3. The method of claim 1, wherein the step 4 of performing data analysis on each piece of scattered data to obtain data characteristics of all pieces of scattered data comprises: normalizing and averaging the scattered data to generate first characteristic scattered data, wherein n groups of normalization layers are used for normalization, and n-1 layers are used for averaging; performing a first group of expansion normalization processing on the first feature dispersion data to generate second feature dispersion data, and performing averaging processing on the first feature dispersion data to generate third feature dispersion data; splicing the third characteristic dispersion data and the second characteristic dispersion data to generate fourth characteristic dispersion data; the fourth feature distribution data is used as the data feature of the distribution data.

4. The method of claim 3, wherein the third feature dispersion data is the same length as the second feature dispersion data.

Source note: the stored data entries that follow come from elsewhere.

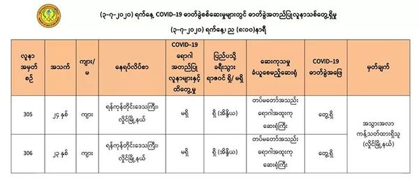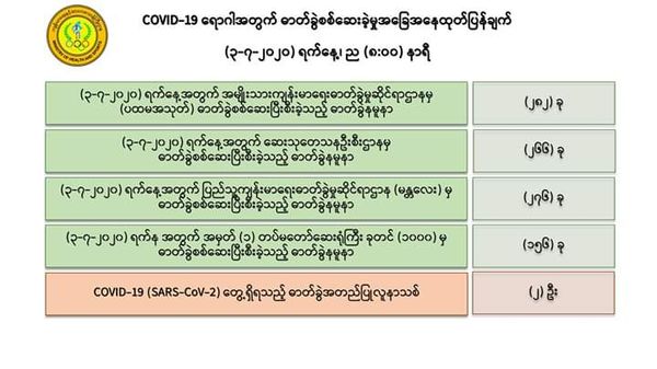 7月3日,仰光国家卫生化验室(NHL)对第一批的282名人员的化验样本进行化验检查,医药科研所(DMR)对 266名人员的化验样本进行化验检查,曼德勒人民卫生化验室(PHL, Mandalay)对276名人员的化验样本进行化验检查,仰光第一军医1000床位医院对156名人员的化验样本进行化验检查,共980人的化验样本中,发现2人的样本中含有新冠病毒。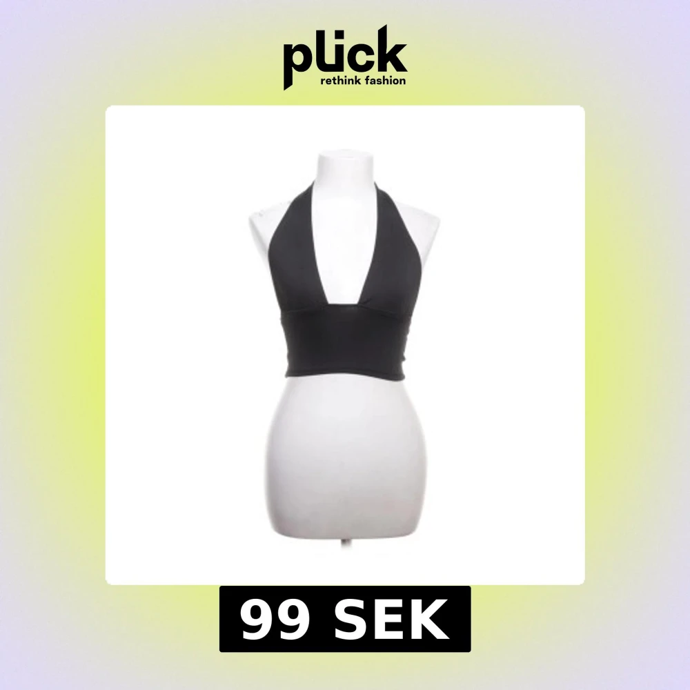 Svart croppad halterneck topp med djup v-ringning och bred resår under bysten. Snygg minimalistisk design som knyts i nacken och lämnar ryggen bar. Perfekt för att skapa en cool och trendig look.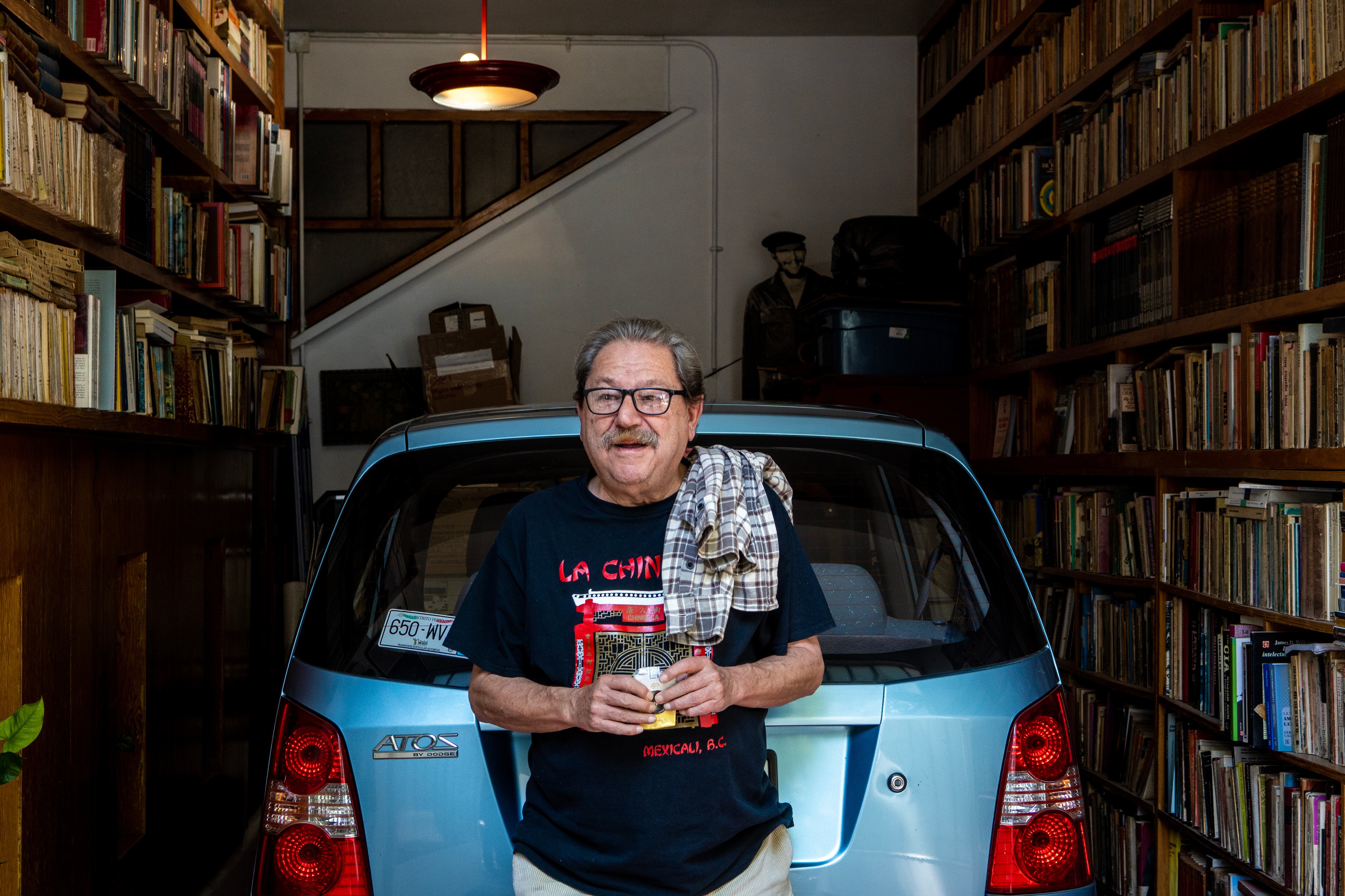 La puerta del garaje se abre dejando ver un pequeño coche rodeado de libros, en el que se apoya Paco Ignacio Taibo II (Gijón, 74 años), escritor español apasionado por la historia de México. Se siente tan atraído por ella que no solo escribe sobre ella, también mantiene eternas discusiones. Esto es lo que atestigua Patria, uno de sus títulos más populares. De niño, una enfermedad lo mantuvo postrado en cama, y fue allí donde comenzó su amor por la lectura y su necesidad de tener los libros cerca.

5. The method of claim 4 wherein in the step of performing a first set of dilation normalization processes on the first feature dispersion data to generate second feature dispersion data, the number of dilation normalization processes of the first set of dilation normalization processes is three.

6. The method of claim 5, wherein the step 6 of correcting the combined dispersion data using a predetermined correction model to obtain the final cleaned soil data comprises: based on the obtained ambient temperature, ambient humidity and ambient illumination intensity, a preset correction value model is used for calculating to obtain a correction value, and the correction value is multiplied by each piece of data in the combined scattered data to obtain final cleaned soil data.

7. The method of claim 6, wherein the correction value model is expressed using the following formula:the method comprises the steps of carrying out a first treatment on the surface of the Wherein (1)>For ambient temperature->Is ambient humidity>Is the ambient light intensity.

8. Data cleaning apparatus for use in soil big data analysis for performing the method of any one of claims 1 to 7.